The S&P closed at 3901 up 94 pts.  The path of least resistance was to the upside last week, let’s see if that’s true this week.  I’m still waiting for Goldman to ‘leak’ what JJ and the FED are thinking – so sit tight.  Friday’s close left us pushing up again trendline resistance at 3903….and this morning it feels like it wants digest the push higher last week and would not be surprising to see so.  But unless the data is much different than what we expect – I think any pullback will be met with reasonable demand.  While I thought we would retest the October lows of 3490 ish….if the data suggests a slower cooling and JJ can convince the markets that he can navigate a soft landing then I do not suspect we will test it again….but that is a big ask – considering I don’t see how he pulls that off.  Do you?   

Sit tight as a long-term investor – stick to the plan…. take advantage of dollar cost averaging (DCA) and dividend reinvestment programs. Overweight the big boring names and buy the stuff that people need (STPN). Consumer Staples, Utilities, Healthcare, Energy…. while underweighting (not eliminating) Tech, Basic Materials, and Communications right now.

Parmegiana crostini with cannelloni bean and kale bruschetta

As we approach the Thanksgiving holiday season – Here is another appetizer to consider. Appetizers make perfect sense – just teases the taste buds and gets them ready for the ‘big meal’ – do not overdo them – just enough to tease your guests before the big reveal. 

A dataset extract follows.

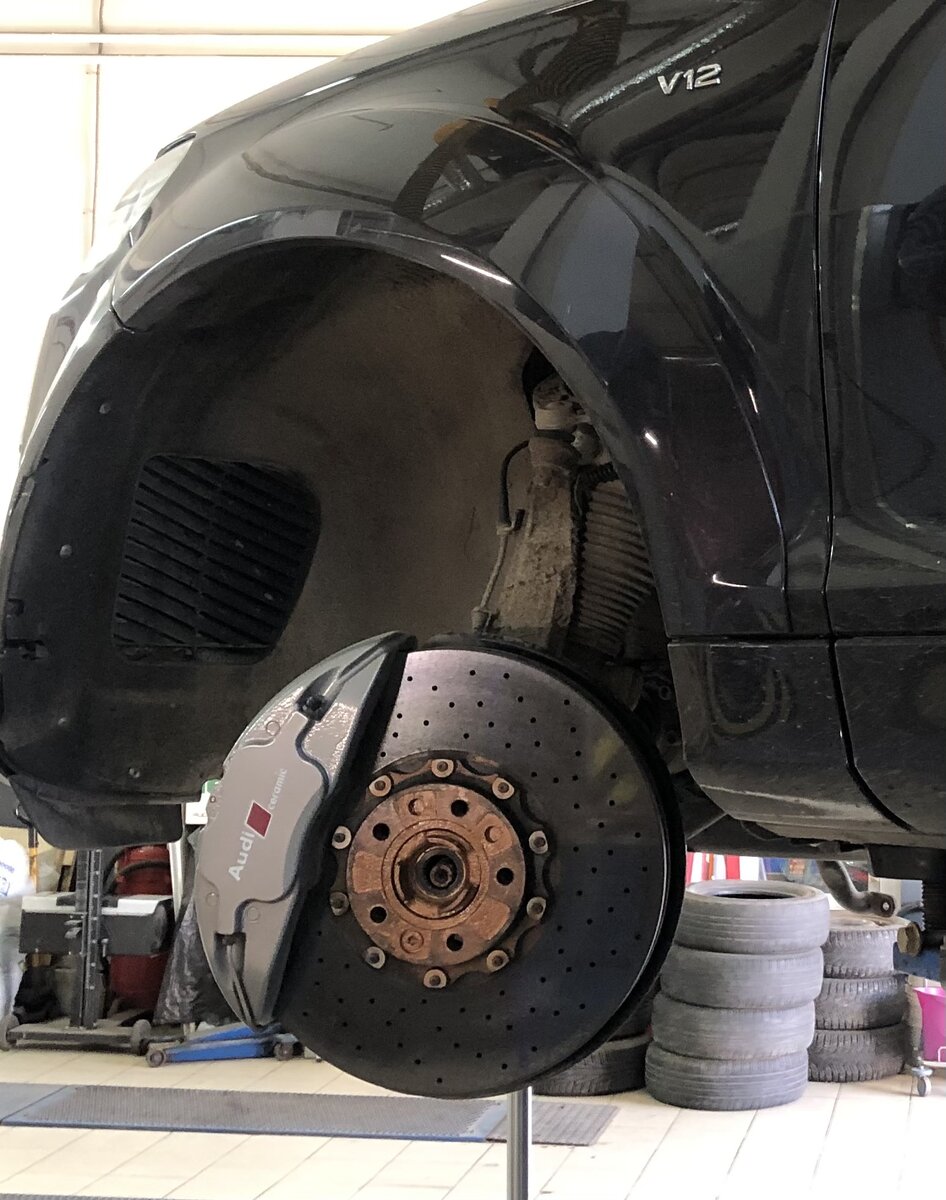 Замена колодок Audi Фрикционные накладки на колодках передних и задних тормозов постепенно изнашиваются, что приводит к снижению эффективности тормозной системы и различным поломкам. Когда толщина изнашиваемого материала уменьшается до 2-3 мм, колодки хуже охлаждаются, а поршни выходят из суппортов на большее расстояние. Это может привести к их перекосу и заклиниванию тормозного механизма. Вместе с тем снижается уровень тормозной жидкости в бачке – если за этим не следить, в систему может попасть воздЗамена колодок Audi Фрикционные накладки на колодках передних и задних тормозов постепенно изнашиваются, что приводит к снижению эффективности тормозной системы и различным поломкам. Когда толщина изнашиваемого материала уменьшается до 2-3 мм, колодки хуже охлаждаются, а поршни выходят из суппортов на большее расстояние. Это может привести к их перекосу и заклиниванию тормозного механизма. Вместе с тем снижается уровень тормозной жидкости в бачке – если за этим не следить, в систему может

This is easy to make, and delicious to eat.   For this you will need:

Kale, Cannelloni beans, garlic, s&p, chicken broth, and a French baguette, butter and olive oil and finely grated Parmegiana cheese.

First to make the crostini – preheat the oven to 400 degrees (bake not broil)….now slice the baguette on a diagonal into like 1/2 in thickness.  Arrange on a cookie sheet and brush with melted butter/olive oil mix. Sprinkle lightly with finely grated Parmagiana cheese.  (Just a hint).  Bake in the oven until browned – then flip over and continue baking to brown the other side (do not brush with butter & oil).  Remove and set aside.

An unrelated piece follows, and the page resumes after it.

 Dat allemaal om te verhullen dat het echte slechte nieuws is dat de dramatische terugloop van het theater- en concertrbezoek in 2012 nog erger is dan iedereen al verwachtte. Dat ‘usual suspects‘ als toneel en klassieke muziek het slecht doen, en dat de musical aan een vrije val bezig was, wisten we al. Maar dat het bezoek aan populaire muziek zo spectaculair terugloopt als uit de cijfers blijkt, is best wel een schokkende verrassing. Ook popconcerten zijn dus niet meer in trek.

For the Bean Bruschetta….cut the ribs out of the kale leaves and then rough chop the leaves.  In a large sauté pan – add some olive oil and the thinly sliced garlic – sauté for 3 or 4 mins….now add kale – cook for 2 or 3 mins.  reduce heat to low and now add chicken broth – maybe like 1/4 to 1/2 cup…you do NOT want to make it soupy…..cover and cook for about 5 mins more.  Now add the beans (which you have drained and rinsed in a strainer)….mix with the kale and let cook for another 5 mins or so.  Now – gently smash some of the beans to help hold it together….season with s&p,  Remove and let cool for 10 mins.

Now spoon the kale/bean bruschetta onto the parmegiana crostini and arrange on a platter and serve immediately.  This is a nice change from the usual tomato bruschetta that many people make.  It is colorful and presents beautifully.